Une petite maison perdue en pleine brousse estonienne, dans une de ses salles, un sauna. Au fil des saisons, des femmes s’y rejoignent. Elles profitent de la nature et de la chaleur étouffante du sauna. Dans leur plus simple appareil, elles s’y racontent leurs histoires les plus intimes : de la violence que les femmes s’infligent entre elles, de pouvoir envisager son corps sans considérer le regard masculin, de subir une agression sexuelle, et de bien d’autres éléments constitutifs de l’être au monde féminin contemporain.
Un résumé simple pour un film à la structure simple. Il alterne entre des séquences d’ambiance dans la nature, majoritairement muettes, où les corps déambulent dans l’espace, et d’autres plus introspectives, dans le sauna : une personne raconte son expérience, entourée d’oreilles attentives, qui parfois interagissent. Ce dispositif épuré est, en tout cas dans un premier temps, tout à fait convaincant.
Ce notamment grâce à la qualité des prises de parole sélectionnées : drôles, touchantes et éclairantes. Et, bien que ces interventions soient éminemment intimes et racontées dans la nudité la plus totale, le film sait nous préserver de l’impression gênante d’être en train de pénétrer dans un espace trop personnel, dans lequel nous ne devrions pas être. Sûrement car il fait le choix de ne pas dévoiler la majorité des visages des intervenantes, tout comme il ne nous révèle pas leurs noms, prénoms, métiers, etc. Anna Hints trouve un équilibre fin, contrebalance cette grande intimité par une pudeur nécessaire.
Éléments rares dans le genre documentaire, les moments d’expérimentation esthétique et autres envolées abstraites sont ici monnaie courante. C’est principalement durant les scènes en extérieur que l’on y assiste : caractérisés par leur maîtrise et leur liberté esthétique, ils donnent au métrage une atmosphère unique, un rythme planant, embrumé d’une fumée humide et mystique. Dits dans cette ambiance – dans laquelle le travail sonore, sur le bruit de l’eau notamment, est crucial – les propos récoltés gagnent en ampleur, sont d’autant plus vibrants, vivants : cette esthétique sensorielle leur donne corps.

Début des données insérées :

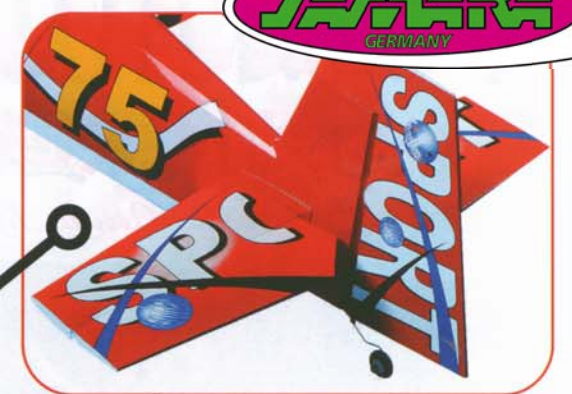
Le superfici mobili sono generose il che lascia presupporre buone capacità di volo 3D
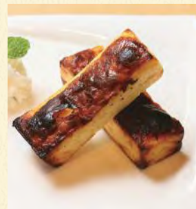
バスクチーズケーキ (ブルーチーズ入り) ¥460
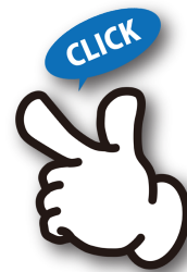
「風しんの抗体検査・予防接種を！」動画
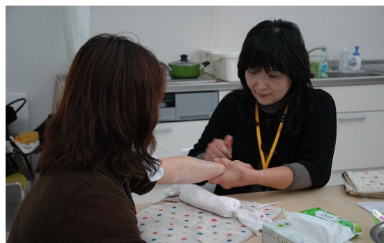
Handmassage durch eine Hebamme (Incl Iwate)

An diesem Tag fuhren 15 Mitarbeiter und Helfer von INCL-IWATE in die Küstenstadt Kamaishi, wo ein großer Bedarf an Unterstützung alleinerziehender Frauen und Witwen besteht. Auf dem Programm standen an diesem Tag Handmassage, Beratung zum Umgang mit Kindern in der Pubertät sowie Tipps von Studenten für die Vorbereitung auf die Universitätsprüfungen. Ursprünglich war die Handmassage nur als kleiner Anreiz gedacht war, um den Frauen den Weg in die Beratung zu erleichtern. 2 Tatsächlich aber herrschte dann bei der Handmassage so ein Andrang, dass sich lange Warteschlangen bildeten! Doch gerade der direkte Hautkontakt von Frau zu Frau erleichterte es den 22 Teilnehmerinnen, sich zu öffnen und das Gespräch zu suchen. Auf diese Weise fanden während der Handmassage viele intensive, persönliche Beratungen statt.
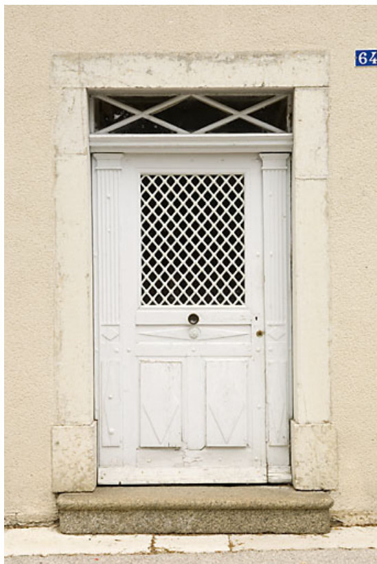
Bâtiment 62-64 rue des Forges : porte (64 rue des Forges). 25, Jougne
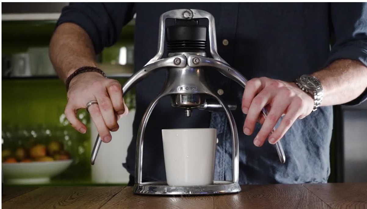
Obr. 11: Příprava ROK Espresso
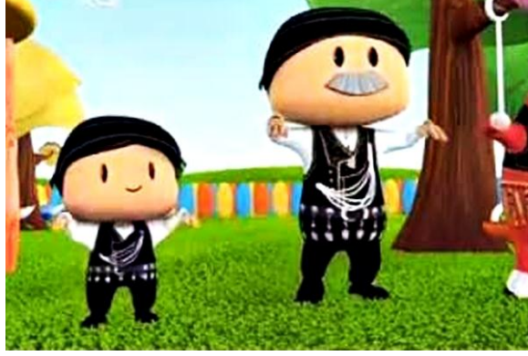
Resim 5: Pepee dedesi ile horon teperken ( http://www.resim2.compepee-resimlerikarateci-pepee.html Tepiyor) (10. 01. 2012).
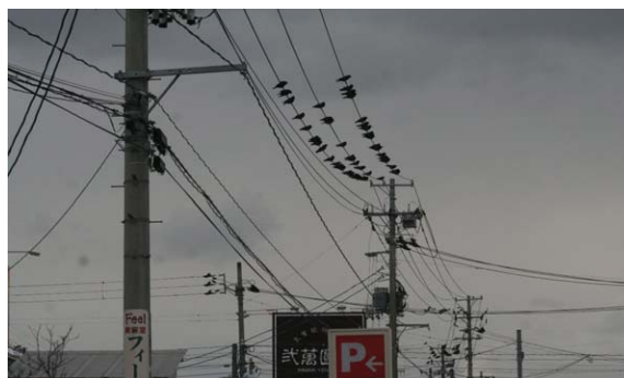
157. 秋葉区程島 12月29日14:30 秋葉区役所に近い市街地の電線に集まる
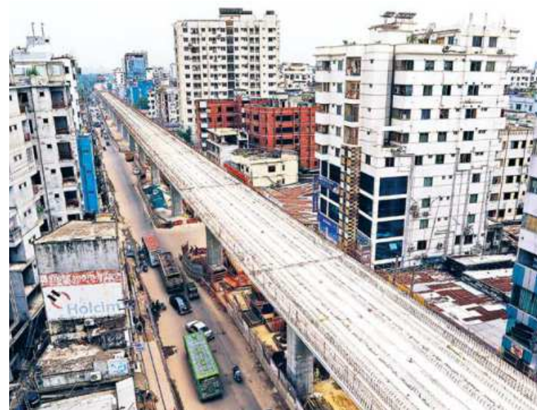
A view of the Dhaka Metro Rail project.
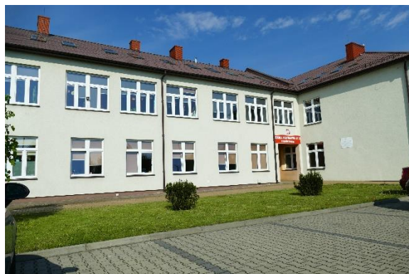
Szkoła Podstawowa nr 1 w Krośniewicach (wejście do ul. Łęczyckiej)
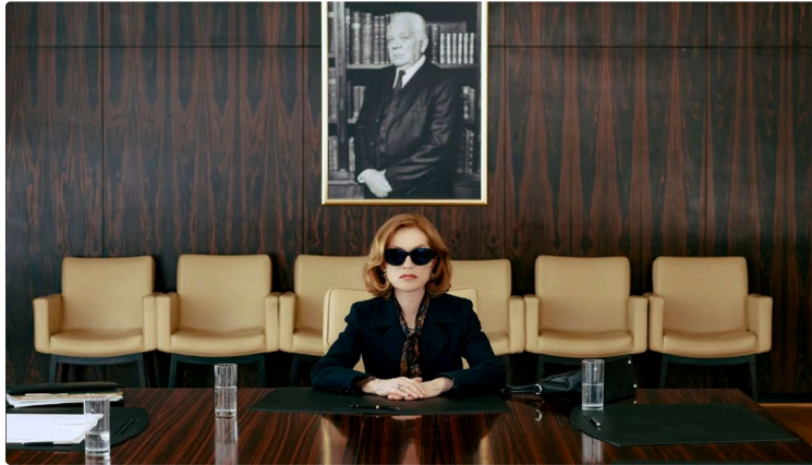
Cinequanon : animation, thriller, comédie et drame au programme

A noter cette semaine, le dernier film avec Isabelle Huppert et Laurent Lafitte et le dernier François Ozon avec Benjamin Voisin.
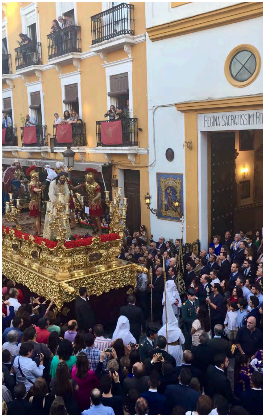
Figura 6. Paso de Cristo en su salida procesional
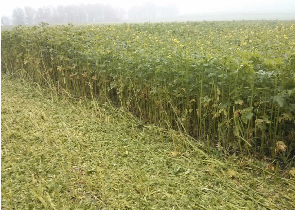
Bild 8 und 9: Rechtzeitiges Häckseln vor der Blüte (Senf). Zeitig am Morgen, ohne Bienenflug. 4.11.2015
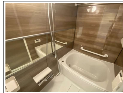
※室内写真は当社施工例
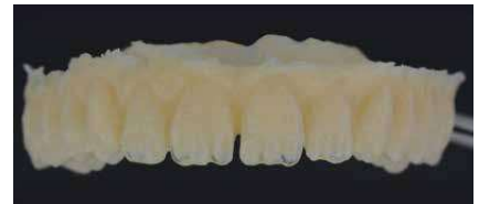
top.lign professional sin procesar
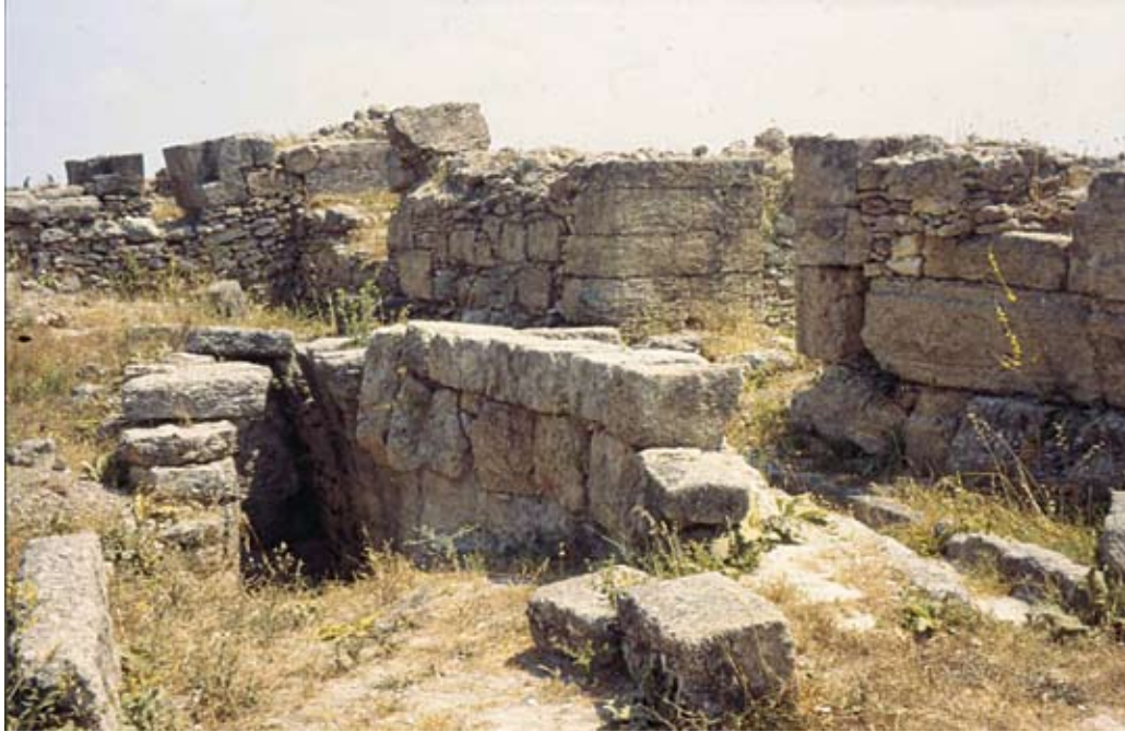
Fig. 10i : Entrée du grand collecteur de la place du Palais royal d'Ougarit. الشكل i10 : مدخل المجرور العام في قصر أوغاريت الملكي.
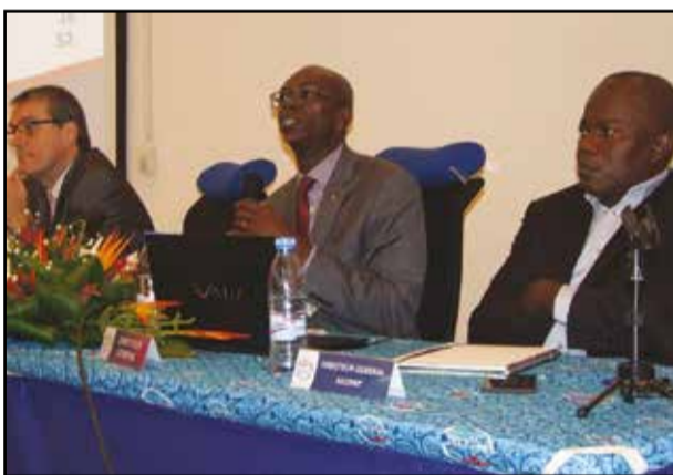
Les dirigeants des Mucodec pendant la rencontre. (P.13)

La Direction générale à l'écoute des Sociétaires entrepreneurs, pour mieux les accompagner dans leurs projets de développement
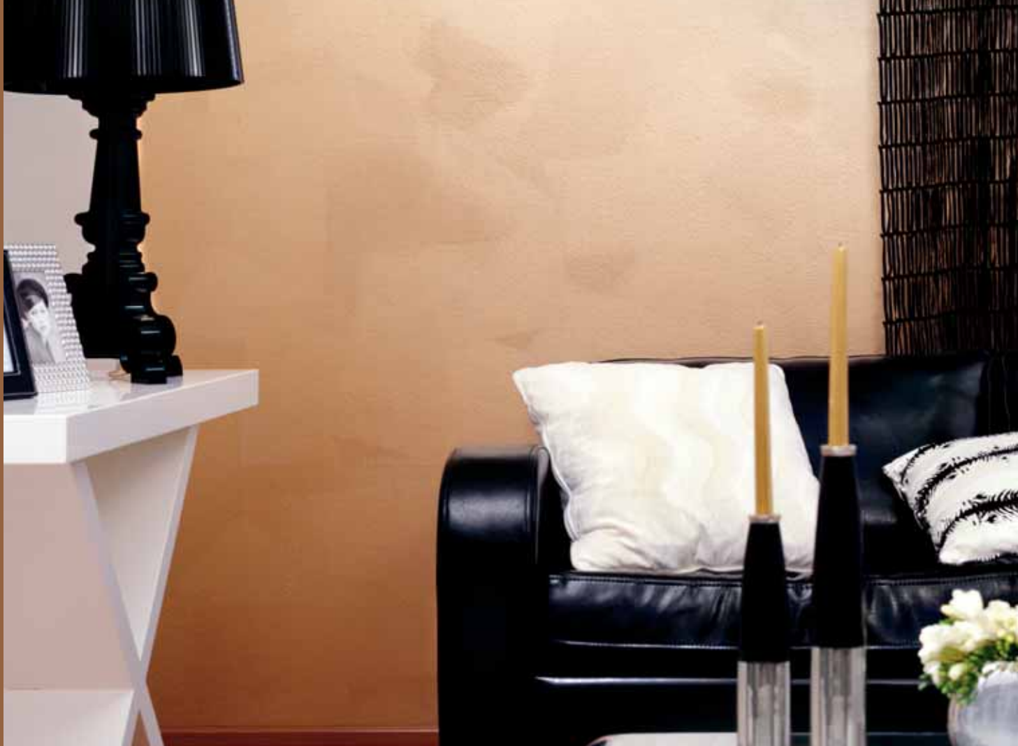
Pehmeä vaikutelma syntyi ristiin rastiin telauksella. Taika helmiäismaalin sävy Sole 2079.
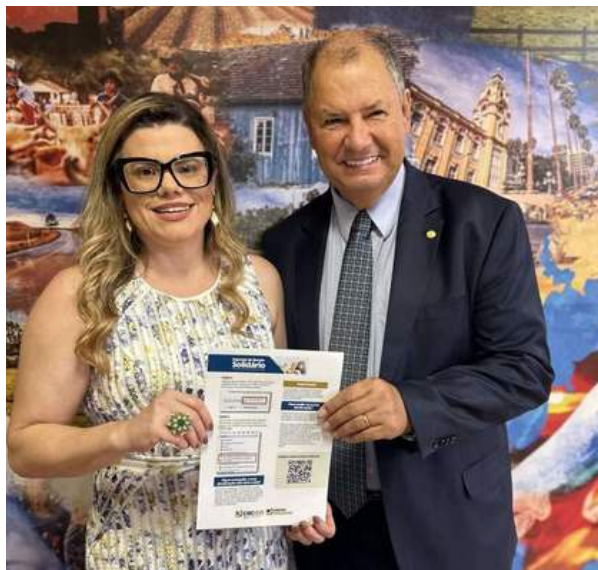
deputado federal por Rio Grande do Sul, Alceu Moreira (MDB-RS)
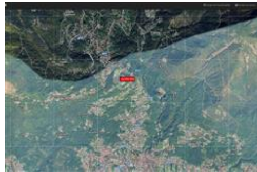
Immagine aerea Lotto 2
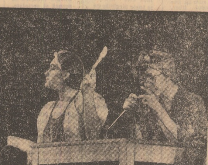
„Experimental Quartet”.
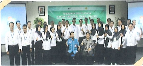
Foto bersama peserta diklat Jabatan Fungsional Teknisi Litkayasa Balitbang Pertanian dgn dengan Kepala Pusbindiklat BPPT di Ruang Kelas Lt.6 Pusbindiklat Gd.2 BPPT. Jakarta, 21 Februari 2017.

P usbindiklat melaksanakan diklat Jabatan Fungsional Teknisi Litkayasa batch satu Balitbang Pertanian untuk pelayanan public yang professional dan berkualitas. Bertempat di ruang diklat Pusbindiklat di Lt.6 Gedung BPPT II Jl. M.H. Thamrin No.8 Jakarta Pusat, tanggal 21 s.d 24 Februari 2017, Peserta Diklat JFTL Balibang Kementerian Pertanian sebanyak 30 orang.
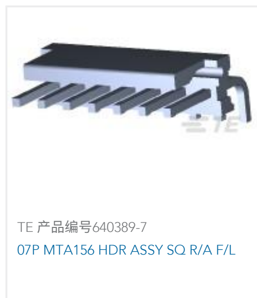
TE 产品编号640389-7 07P MTA156 HDR ASSY SQ R/A F/L
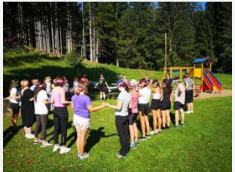
Poglabljanje timskega sodelovanja, avgust 2024
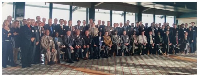
Encontro Anual da ITGA Portugal, 2002
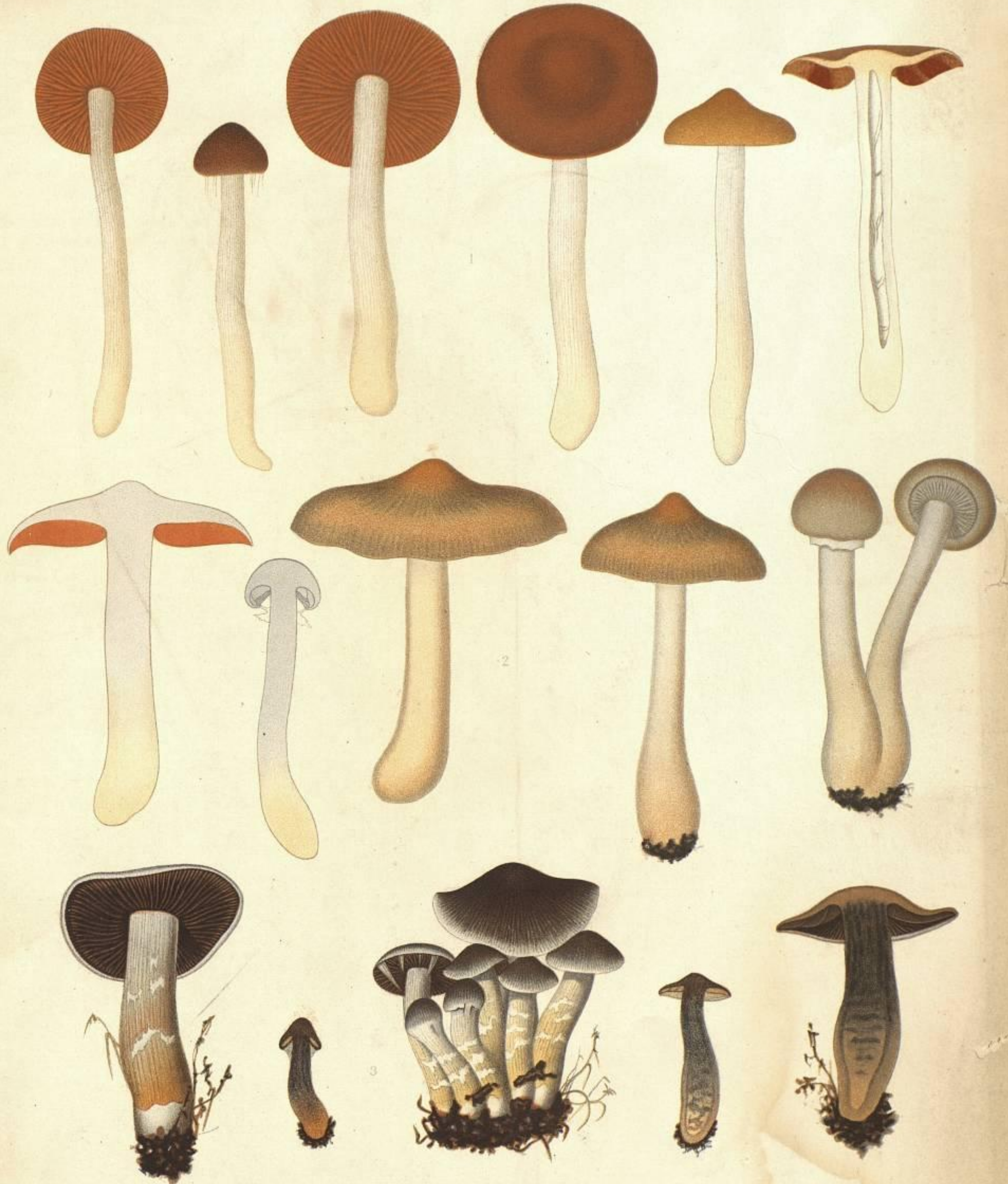
1. CORTINARIUS (HYDROCYBE) TORTUOSUS. FR. 2. CORTINARIUS (HYDROCYBE) SATURNIUS FR. 3. CORTINARIUS (HYDROCYBE) SCIOPHYLLUS FR.
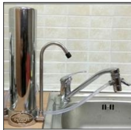
Συσκευή συνδεδεμένη σε βρύση κουζίνας

ΕΛΛΗΝΙΚΟ ΠΡΟΪΟΝ ΚΑΤΑΣΚΕΥΑΣΤΗΣ: CENTER PLUS SA
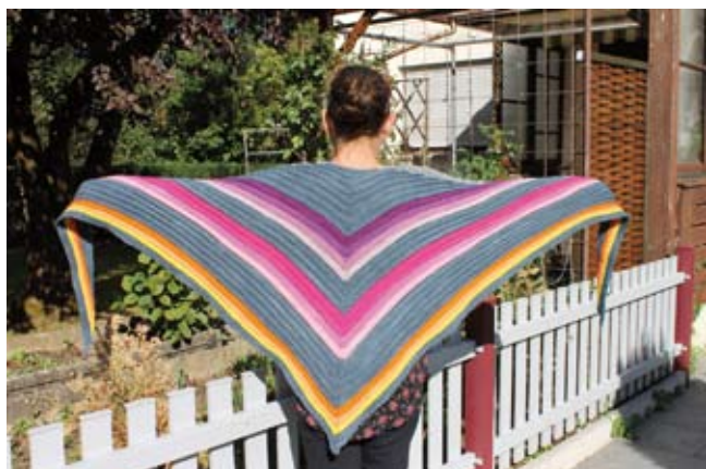
Margit zeigt ein schönes Dreieckstuch
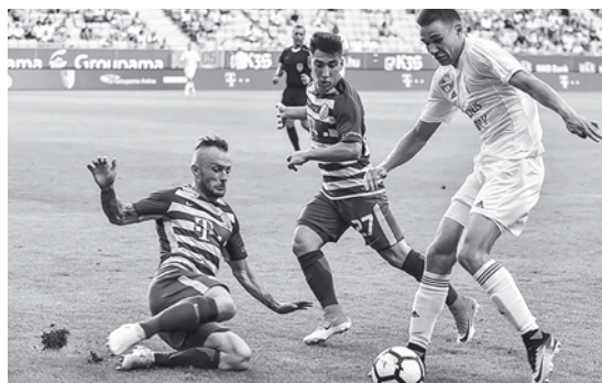
Egy góllal kapott ki csapatunk a Fraditól
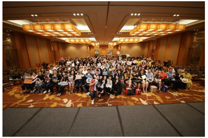
臺灣觀光代表團與新加坡旅遊業者合照
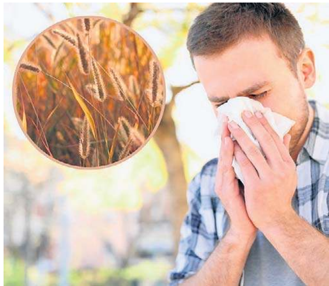
W maju najbardziej uciążliwe dla alergików są pyłki dębu i traw
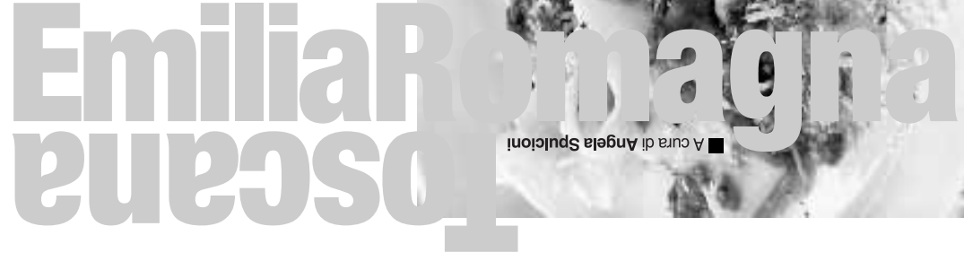
A cura di Angela Spulcrioni

Dal 4 al 13 Luglio presso il Parco Sacenti di San Matteo della Decima si terrà la Cucombrà, la 15a Sagra dei Sapori di Decima. L'evento, è dedicato ai cocomeri ed ai meloni, che sono prodotti degli agricoltori locali, ma sarà anche possibile assaggiare i piatti tipici locali, presso i ristoranti del luogo.
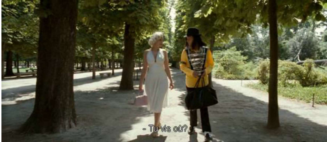
Figure 4 : Mister Lonely

Monde 17 . Ainsi Marilyn Monroe n'y figure plus un inaccessible objet du désir, mais une mère et une épouse, aimante et simple, n'était son accoutrement identique à celui d' Une nuit de réflexion .
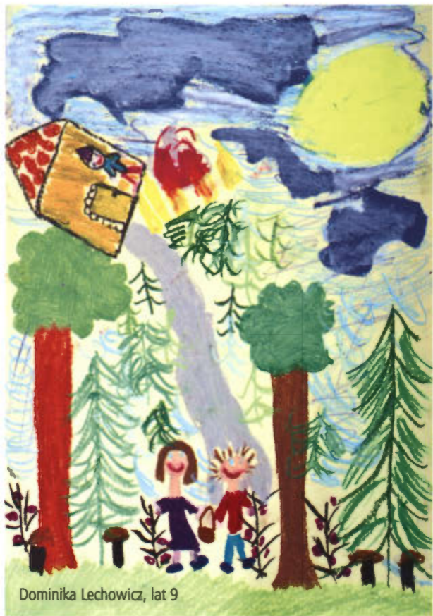
Dominika Lechowicz, lat 9
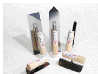
Taloches et lisseuses japonaises, taloches en plastique, outils japonais d'angles
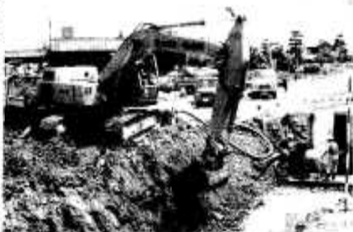
幹線街路交差点近くの排水路も整備 七線の区画街

都市計画事業 代都市づくりを進めている本市で、鶴見川地区十三区を格子型に区画整理して、自然とした宅地に造成しました。

Mais cette structure répétitive peine, à la longue, à attirer encore notre attention, ne nous donnant que trop peu de sentiment d’évolution. L’on a beau y voir les saisons passer, changer alors que le film se déploie, la prédictibilité de son programme finit par ternir ce monde intime, mystique et sensoriel, si bien fabriqué, d’une indésirable impression d’inertie.